Try it: Set down, exactly and only, everything from the line containing "T47创汇期糯冰种飘阳绿翡翠连年有余吊坠" down to the line containing "7月7日,红足1世官网在信息" in the data below; the pictures are not part of the copy.

::: Records to use :::

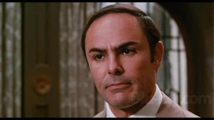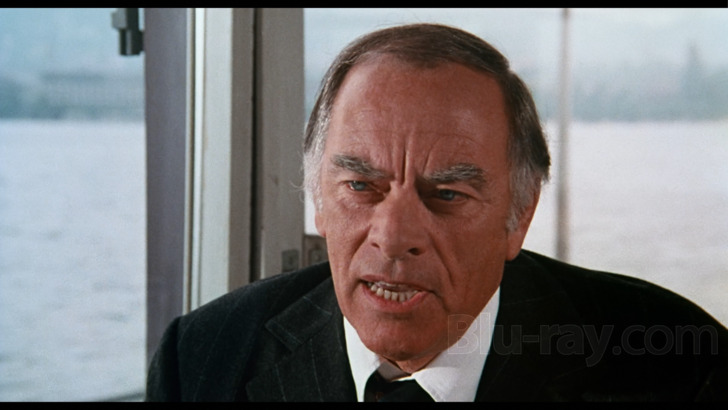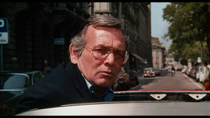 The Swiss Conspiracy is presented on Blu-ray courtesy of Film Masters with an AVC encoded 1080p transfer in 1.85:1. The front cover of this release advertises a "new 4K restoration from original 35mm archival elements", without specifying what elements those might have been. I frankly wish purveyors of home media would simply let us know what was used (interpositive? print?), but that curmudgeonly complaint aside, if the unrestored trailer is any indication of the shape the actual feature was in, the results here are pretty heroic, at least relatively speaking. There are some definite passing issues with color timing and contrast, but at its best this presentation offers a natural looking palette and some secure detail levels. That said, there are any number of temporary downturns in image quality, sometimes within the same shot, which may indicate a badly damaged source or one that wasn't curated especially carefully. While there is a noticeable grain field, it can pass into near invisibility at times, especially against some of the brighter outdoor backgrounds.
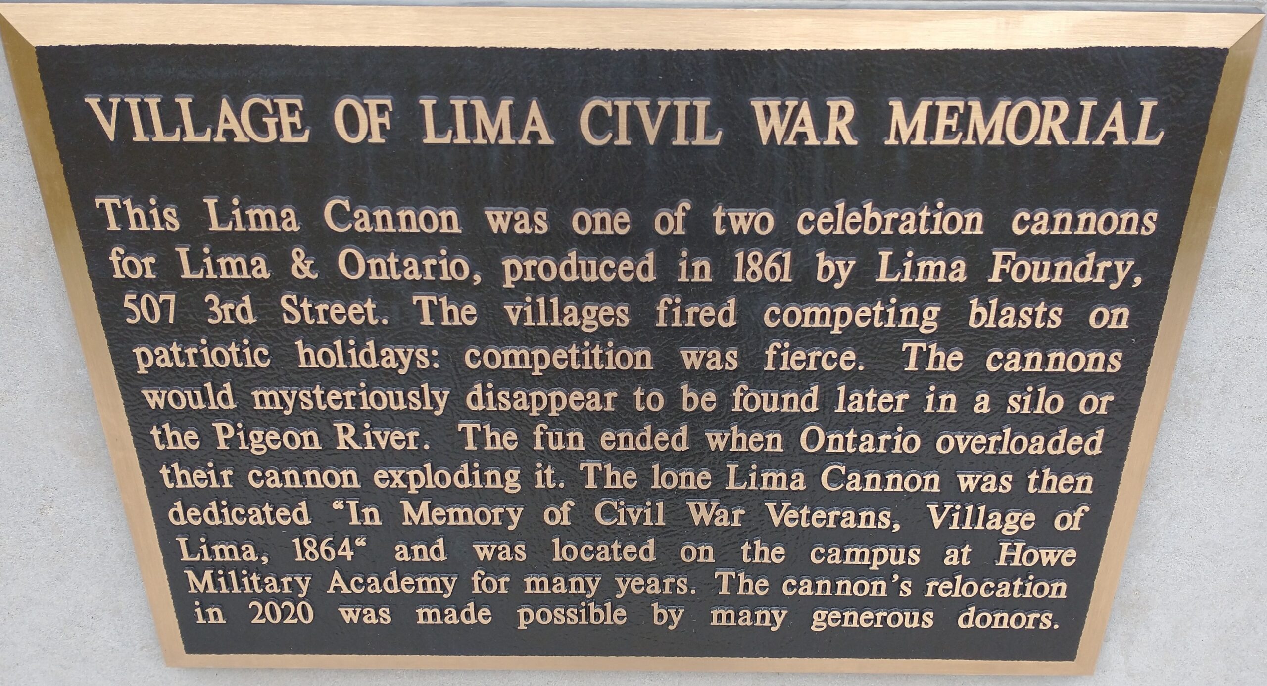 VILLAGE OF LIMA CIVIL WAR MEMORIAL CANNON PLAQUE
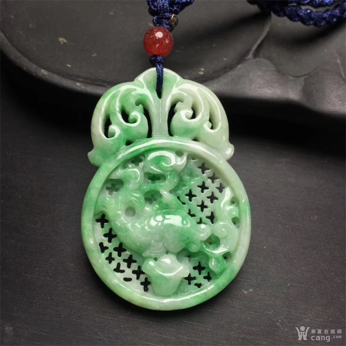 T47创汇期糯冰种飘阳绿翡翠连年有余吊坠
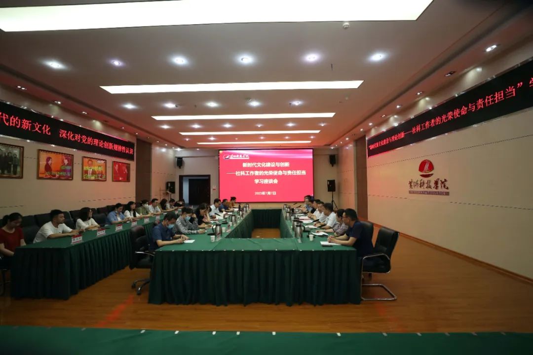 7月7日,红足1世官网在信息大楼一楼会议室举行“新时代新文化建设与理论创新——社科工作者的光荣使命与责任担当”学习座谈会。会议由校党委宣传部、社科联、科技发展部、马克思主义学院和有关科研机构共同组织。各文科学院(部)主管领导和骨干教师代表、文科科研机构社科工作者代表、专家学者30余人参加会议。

:::
::: Records to use :::

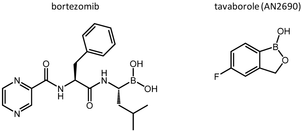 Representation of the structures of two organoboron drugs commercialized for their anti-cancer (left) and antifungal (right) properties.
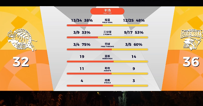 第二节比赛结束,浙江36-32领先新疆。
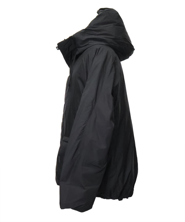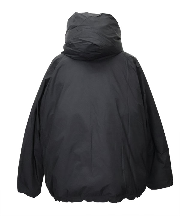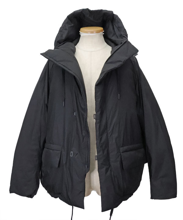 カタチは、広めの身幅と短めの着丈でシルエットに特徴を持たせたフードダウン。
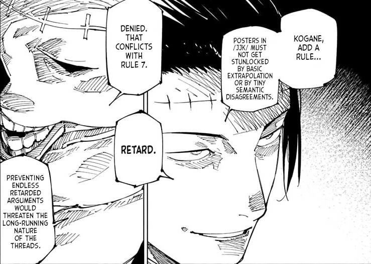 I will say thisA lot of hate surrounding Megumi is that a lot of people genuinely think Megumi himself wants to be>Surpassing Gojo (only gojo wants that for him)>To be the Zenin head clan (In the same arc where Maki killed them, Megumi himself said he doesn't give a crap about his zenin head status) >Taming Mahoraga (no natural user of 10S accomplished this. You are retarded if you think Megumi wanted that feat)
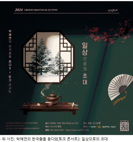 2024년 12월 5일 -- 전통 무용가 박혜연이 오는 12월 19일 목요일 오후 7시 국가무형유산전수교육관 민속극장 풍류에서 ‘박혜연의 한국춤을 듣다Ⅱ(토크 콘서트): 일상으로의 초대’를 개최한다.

:::
::: Records to use :::

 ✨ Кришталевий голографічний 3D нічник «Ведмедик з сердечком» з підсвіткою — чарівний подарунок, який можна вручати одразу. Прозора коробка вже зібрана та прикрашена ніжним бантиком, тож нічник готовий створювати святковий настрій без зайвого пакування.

:::

Answer space:
 T47创汇期糯冰种飘阳绿翡翠连年有余吊坠
 7月7日,红足1世官网在信息大楼一楼会议室举行“新时代新文化建设与理论创新——社科工作者的光荣使命与责任担当”学习座谈会。会议由校党委宣传部、社科联、科技发展部、马克思主义学院和有关科研机构共同组织。各文科学院(部)主管领导和骨干教师代表、文科科研机构社科工作者代表、专家学者30余人参加会议。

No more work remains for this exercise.